Mufti, die Mürrische: 1990-2002


Die schönste und gleichzeitig mürrischste Katze, die ich je gekannt habe, ist am Sonntag einem vermutlich durch einen Giftköder hervorgerufenen Leberleiden erlegen.

Das Halbangora-Gör hatte von Anfang an ein sehr seltsames Leben. Kurz nach ihrer Geburt starb die Besitzerin ihrer Mutter, und keiner hat’s gemerkt. Die Katzenmutter versuchte ohne Wasser & Futter ihren Wurf solange wie möglich durchzubringen, aber als das Drama entdeckt wurde, waren alle bis auf Mufti bereits tot. Auch ihr Leben hing am seidenen Faden, aber mit Spritzen und Fläschchenfutter hat man sie im Tierheim durchgebracht.

Immer noch sehr dünn und ohne jegliche Katzensozialisierung wurde sie von Dorian entdeckt, der das kaum sechs Wochen alte Zwergerl mit nach Hause nahm & weiter aufpäppelte. Den Namen hat ihr Dorians Sohn gegeben, aber er hat nie verraten, warum gerade “Mufti”.

Ich habe dem winzigen Katzenbaby beigebracht, über Jean und Pullover bis auf meine Schulter zu klettern, was ich später, als sie nicht mehr winzig war, bitter bereut habe.

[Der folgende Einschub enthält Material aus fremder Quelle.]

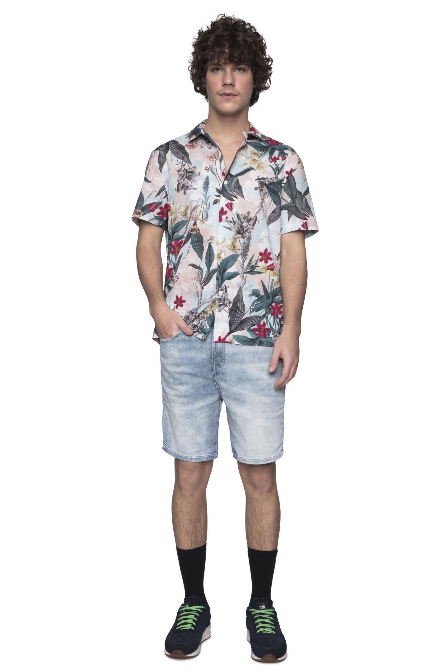 Camisa de manga curta confeccionada em puro algodão estampado com abotoamento clássico frontal em madrepérola.
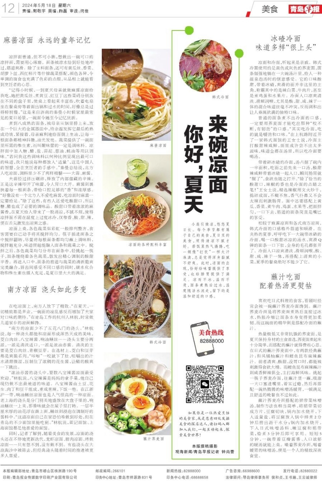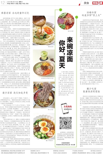 “记得小时候,一到夏天母亲就做麻酱凉面给我吃,她把黄瓜丝、煮黄豆、豇豆丁这些菜码分别放在不同的盘子里,使桌上看起来丰富些,吹着电扇坐在餐桌旁等着面出锅和过水的时间,好像总是过得特别慢。”这是来自济南的秦曼小时候家里最常见的夏日场景,一碗面令她至今记忆犹新。

Mufti hat mit Begeisterung ferngesehen. Mit den anderen Zuschauern sass sie entspannt auf dem Sofa, den Blick auf den Bildschirm gerichtet, und immer wenn es spannend wurde, sprang sie auf und hat sich direkt vor den Bildschirm gesetzt, mit der Nase zwei Zentimeter vor dem Geschehen.

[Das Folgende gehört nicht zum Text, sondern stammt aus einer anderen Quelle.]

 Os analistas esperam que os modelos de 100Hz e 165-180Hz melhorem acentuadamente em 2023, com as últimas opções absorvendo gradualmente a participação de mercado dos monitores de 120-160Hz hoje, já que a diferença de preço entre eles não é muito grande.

Als man nach einem halben Jahr beschloss, ihr Gesellschaft aus dem Tierheim zu holen, hat sie uns 4 Monate lang die Hölle heiß gemacht. Erst danach hat sie langsam begonnen, ihre neue Gefährtin zu akzeptieren.

Geprägt durch ihre Jugenderlebnisse hat sie bis zum Schluss jede andere als 3-Sterne-Katzennahrung verweigert. Feinste Leber? Frisches Hendl? Spargelschinken? Mufti lehnte dankend ab.

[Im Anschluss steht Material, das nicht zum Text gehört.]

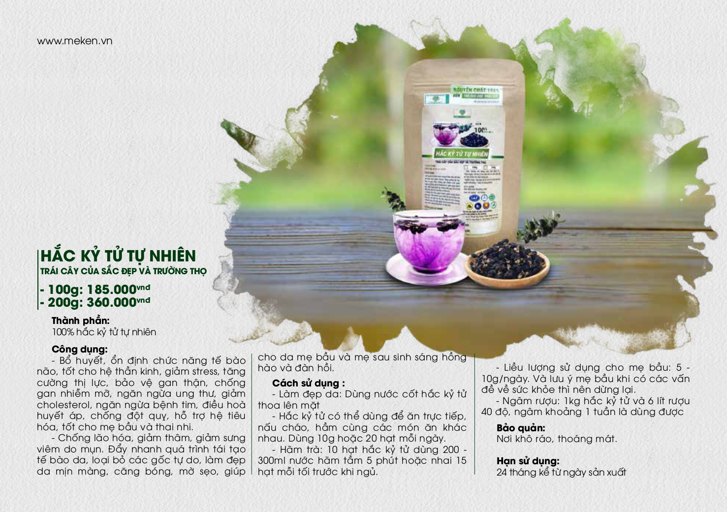 * Thành phần : 100% Hắc kỷ tử tự nhiên . * Công dụng : Bổ huyết, ổn định chức năng tế bào não, tốt cho hệ thần kinh, giảm stress, tăng cường thị lực, bảo
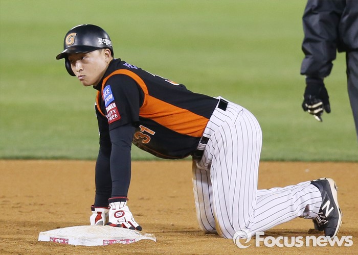 (서울=포커스뉴스) 12일 서울 잠실구장에서 열린 2016 프로야구 롯데-LG 경기 3회초 중견수앞 안타로 진루한 롯데 손아섭이 강민호 타석때 2루 도루를 시도하다 아웃된후 베이스를 잡고 엎드려 있다.

Dass sie nach 7 Jahren den Übergang von Wohnungs- zu Landkatze so selbstverständlich verkraftet hat, hat uns alle gewundert. Aber bereits nach 2 Wochen hatte sie das Mausen gelernt und war allen Nachbarkatzen gewachsen.

Ihr mürrisches Wesen und ihre Sturheit verstärkte sich allerdings mit den Jahren, sodass man sie scherzhaft auch schon mal “Muffl” oder “Mufflon” nannte. Sie trug die Namen mit Stolz. Nur die besten durften sie jetzt noch streicheln – es sei denn, es war die Bürste im Spiel. Die Katzenbürste hat aus dem mürrischen Monster immer ein glücklich sabberndes Katzenweib gemacht.